## What to produce
Word for word, repeat the lines of the records from the first line up to and including the line that contains "カモミール、亜麻の花が咲く5", passing over any pictures.

## Items from a dataset
◆ ◆ ◆ ◆ ◆
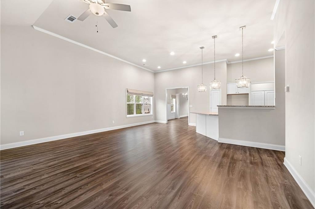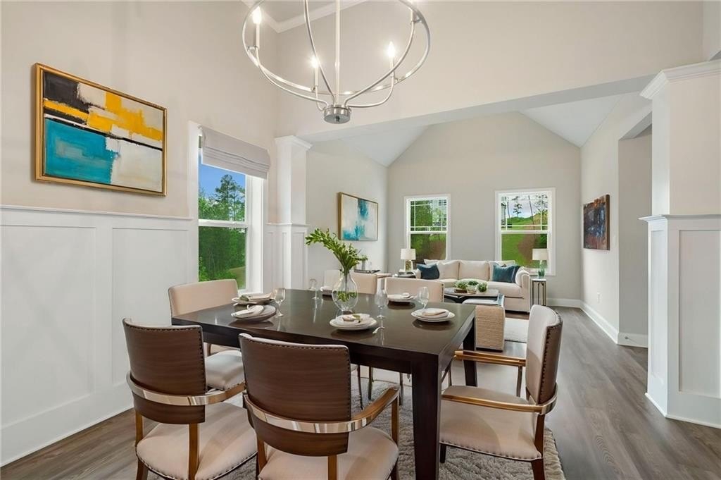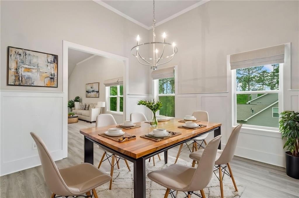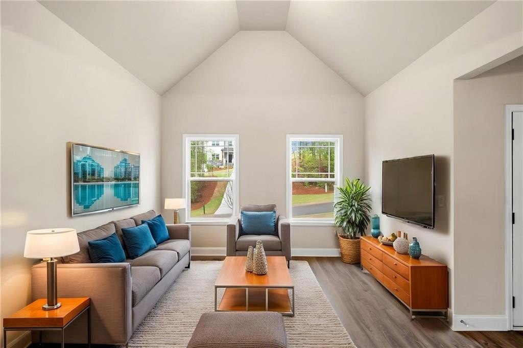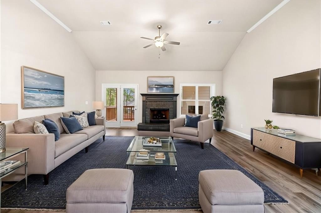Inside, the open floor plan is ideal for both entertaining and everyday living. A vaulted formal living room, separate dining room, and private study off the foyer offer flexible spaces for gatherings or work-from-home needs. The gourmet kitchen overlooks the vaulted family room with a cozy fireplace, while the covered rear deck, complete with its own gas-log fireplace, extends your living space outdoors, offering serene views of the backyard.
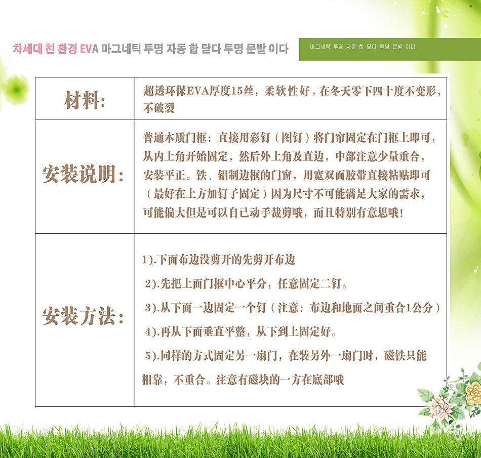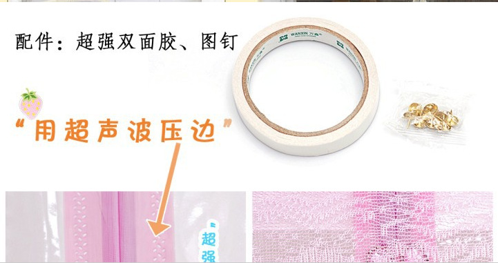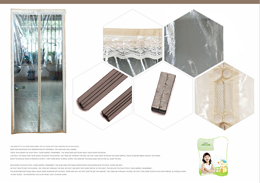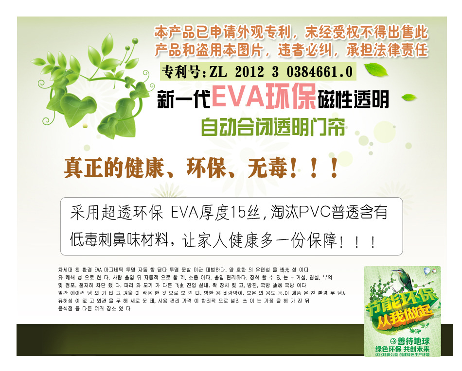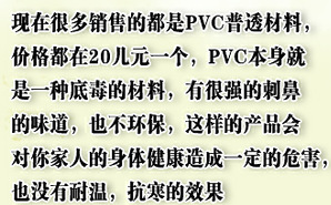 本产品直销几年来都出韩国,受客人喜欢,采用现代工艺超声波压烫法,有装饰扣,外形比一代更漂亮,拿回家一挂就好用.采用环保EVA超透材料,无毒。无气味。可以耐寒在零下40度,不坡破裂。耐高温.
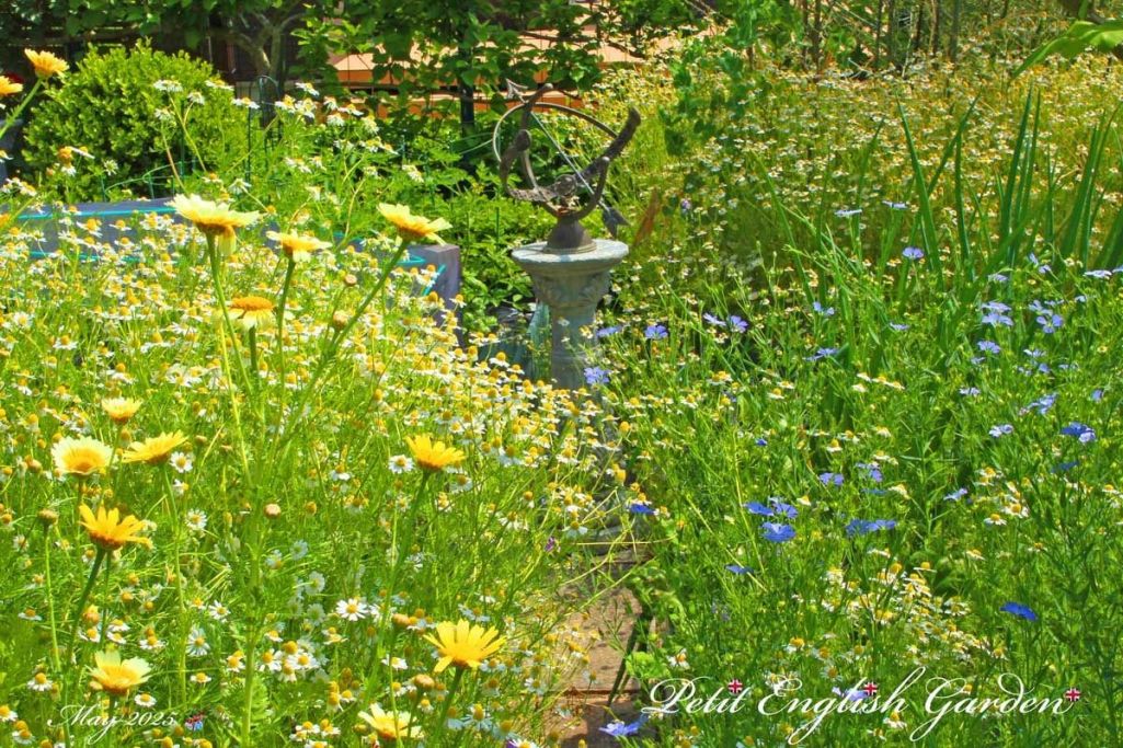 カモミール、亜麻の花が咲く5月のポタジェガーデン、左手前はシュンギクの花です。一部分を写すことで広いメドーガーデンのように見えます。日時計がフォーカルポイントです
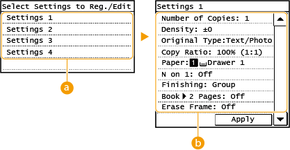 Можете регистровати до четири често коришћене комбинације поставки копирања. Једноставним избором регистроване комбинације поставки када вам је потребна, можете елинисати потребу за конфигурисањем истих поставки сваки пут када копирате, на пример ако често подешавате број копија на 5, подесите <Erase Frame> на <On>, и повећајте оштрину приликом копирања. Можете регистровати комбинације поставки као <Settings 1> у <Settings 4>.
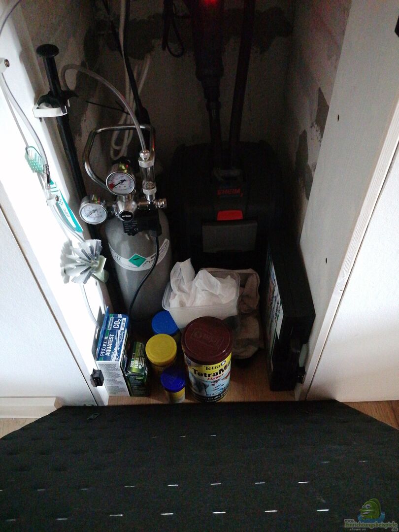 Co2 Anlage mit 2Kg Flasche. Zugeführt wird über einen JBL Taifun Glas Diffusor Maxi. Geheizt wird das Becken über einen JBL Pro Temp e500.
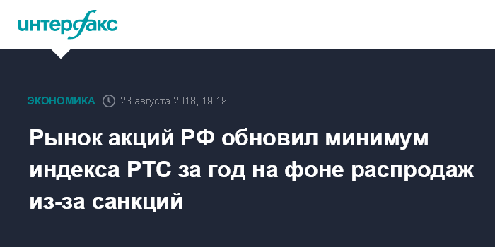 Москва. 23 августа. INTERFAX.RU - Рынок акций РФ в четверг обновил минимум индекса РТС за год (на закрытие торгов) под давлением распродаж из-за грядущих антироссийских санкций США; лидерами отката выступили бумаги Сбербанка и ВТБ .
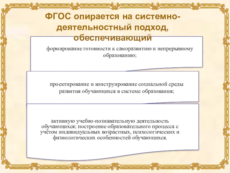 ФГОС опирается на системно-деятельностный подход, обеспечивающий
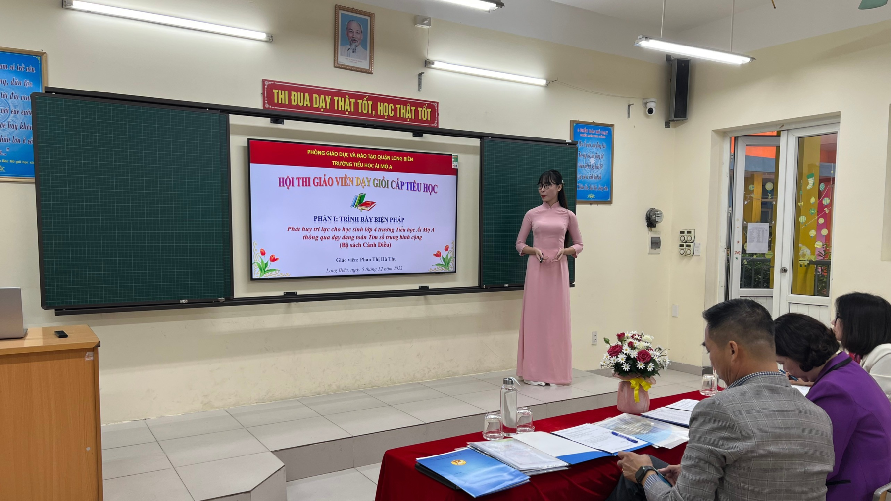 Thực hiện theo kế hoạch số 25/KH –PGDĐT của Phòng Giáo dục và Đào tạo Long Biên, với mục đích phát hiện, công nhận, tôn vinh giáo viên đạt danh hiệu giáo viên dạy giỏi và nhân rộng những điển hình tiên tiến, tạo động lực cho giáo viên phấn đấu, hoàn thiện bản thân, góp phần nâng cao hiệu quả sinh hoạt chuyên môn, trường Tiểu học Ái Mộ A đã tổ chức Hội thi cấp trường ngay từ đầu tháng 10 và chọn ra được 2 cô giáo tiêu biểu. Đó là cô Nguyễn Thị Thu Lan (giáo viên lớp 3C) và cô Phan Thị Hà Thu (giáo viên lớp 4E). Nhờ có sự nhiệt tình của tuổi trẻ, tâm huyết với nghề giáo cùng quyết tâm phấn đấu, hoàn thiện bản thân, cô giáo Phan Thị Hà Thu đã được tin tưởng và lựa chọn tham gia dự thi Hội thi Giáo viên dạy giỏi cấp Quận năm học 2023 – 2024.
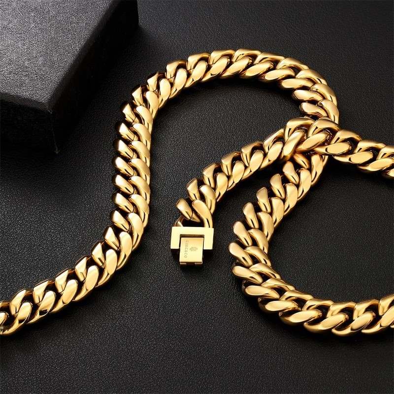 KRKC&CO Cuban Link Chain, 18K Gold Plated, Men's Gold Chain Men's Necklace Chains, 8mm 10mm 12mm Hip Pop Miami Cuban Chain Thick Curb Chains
◆ ◆ ◆ ◆ ◆
## The completed task
Inside, the open floor plan is ideal for both entertaining and everyday living. A vaulted formal living room, separate dining room, and private study off the foyer offer flexible spaces for gatherings or work-from-home needs. The gourmet kitchen overlooks the vaulted family room with a cozy fireplace, while the covered rear deck, complete with its own gas-log fireplace, extends your living space outdoors, offering serene views of the backyard.
 本产品直销几年来都出韩国,受客人喜欢,采用现代工艺超声波压烫法,有装饰扣,外形比一代更漂亮,拿回家一挂就好用.采用环保EVA超透材料,无毒。无气味。可以耐寒在零下40度,不坡破裂。耐高温.
 カモミール、亜麻の花が咲く5月のポタジェガーデン、左手前はシュンギクの花です。一部分を写すことで広いメドーガーデンのように見えます。日時計がフォーカルポイントです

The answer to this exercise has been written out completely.